El Gobierno nacional y el autodenominado Ejército Gaitanista de Colombia, también conocido como Clan del Golfo, informaron que las conversaciones de paz fueron reanudadas y registran avances tras una reunión sostenida el pasado 9 de febrero en Bogotá.

De acuerdo con lo comunicado por las partes, el encuentro se desarrolló en un “ambiente constructivo” y permitió destrabar la situación que había llevado a la suspensión temporal del diálogo, decisión que había sido anunciada días antes por esa organización armada.

Según la información oficial, la reunión sirvió para revisar los puntos de tensión que habían frenado el proceso y acordar la continuidad de los acercamientos. Desde el Ejecutivo se indicó que el diálogo se mantiene dentro de los canales establecidos y bajo los lineamientos definidos para este tipo de conversaciones.

Por su parte, el Clan del Golfo señaló que la sesión permitió “superar la coyuntura” que motivó la suspensión previa y reiteró su disposición a continuar en la mesa, lo que abrió nuevamente el espacio para avanzar en la agenda planteada.

¿Cómo queda la nueva cúpula del Clan del Golfo?

El viernes 31 de enero comenzó a rodar un rumor desde Tierralta, Córdoba, que aseguraba que José Gonzalo Sánchez Sánchez, alias Gonzalito, había muerto tras sufrir un accidente en una lancha cuando iba hacia una zona de ubicación temporal, donde supuestamente iniciaría su tránsito a la legalidad.
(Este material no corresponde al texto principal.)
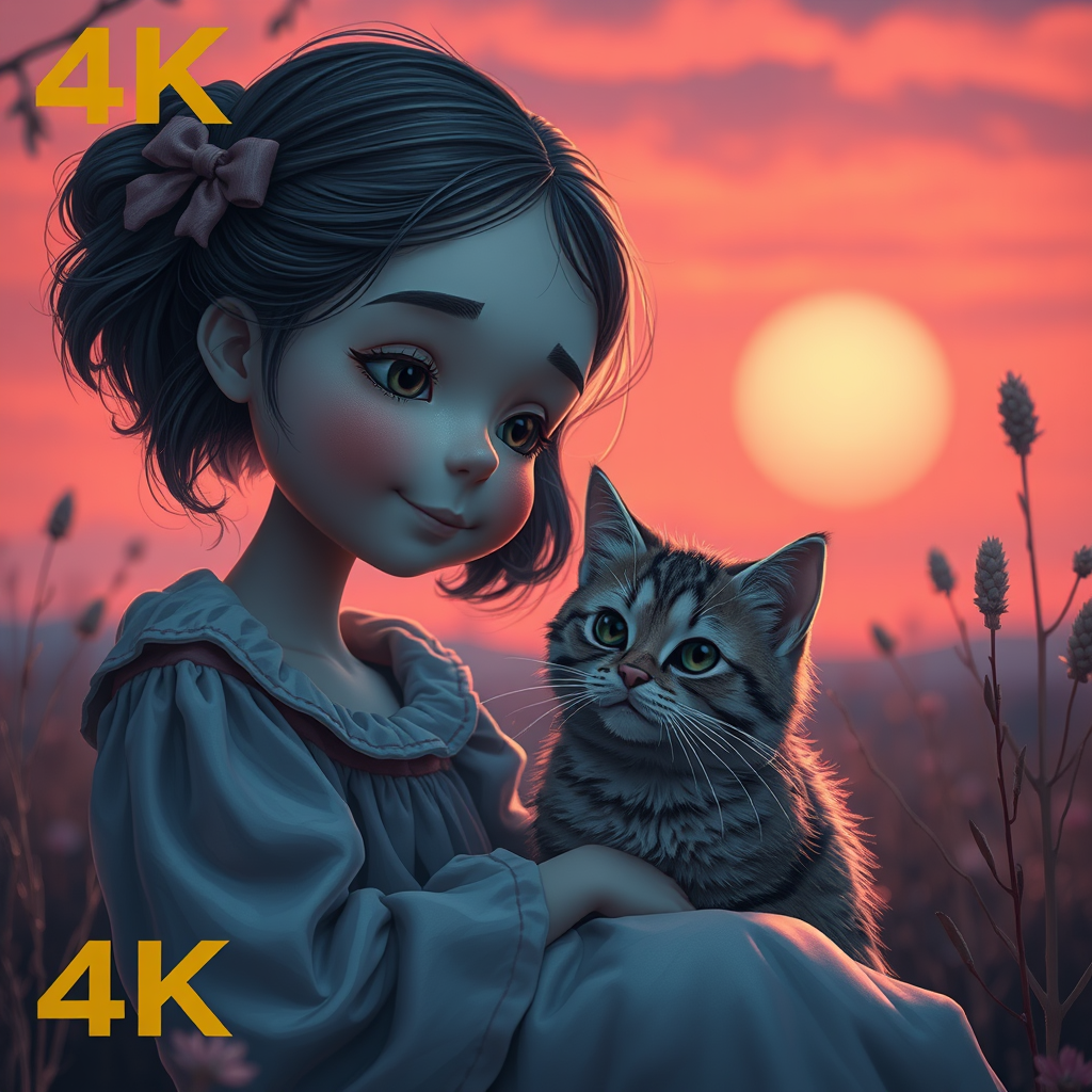A whimsical scene featuring a girl and her cat, set against a pink-hued sunset, captured in stunning 4k resolution with intricate details, evoking a cinematic atmosphere of warmth and fantasy.
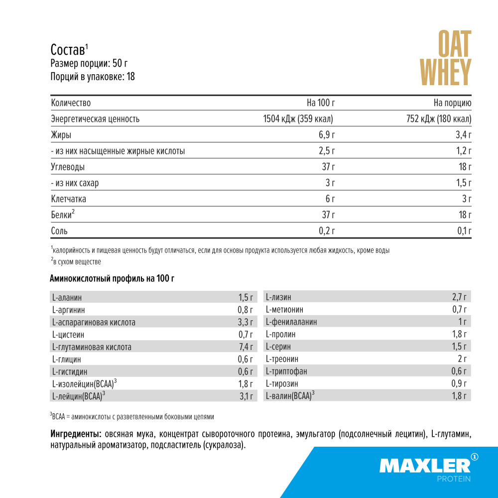 Oat Whey — содержит концентрат белка из сыворотки и овсяную муку, прекрасно усваивается организмом и дает длительный эффект.

Un día después, la noticia fue dada a conocer por SEMANA y las entrañas del Clan del Golfo se estremecieron.

Gonzalito estaba a cargo de la operación criminal del Clan del Golfo en el Caribe colombiano y le rendía cuentas a alias Chiquito Malo, el hombre que heredó el poder tras la extradición a Estados Unidos de alias Otoniel.

El Ministerio de Defensa estaba dispuesto a pagar una recompensa de hasta 3.284 millones de pesos por su captura; es decir, se trataba de uno de los pesos pesados del narcotráfico en el país.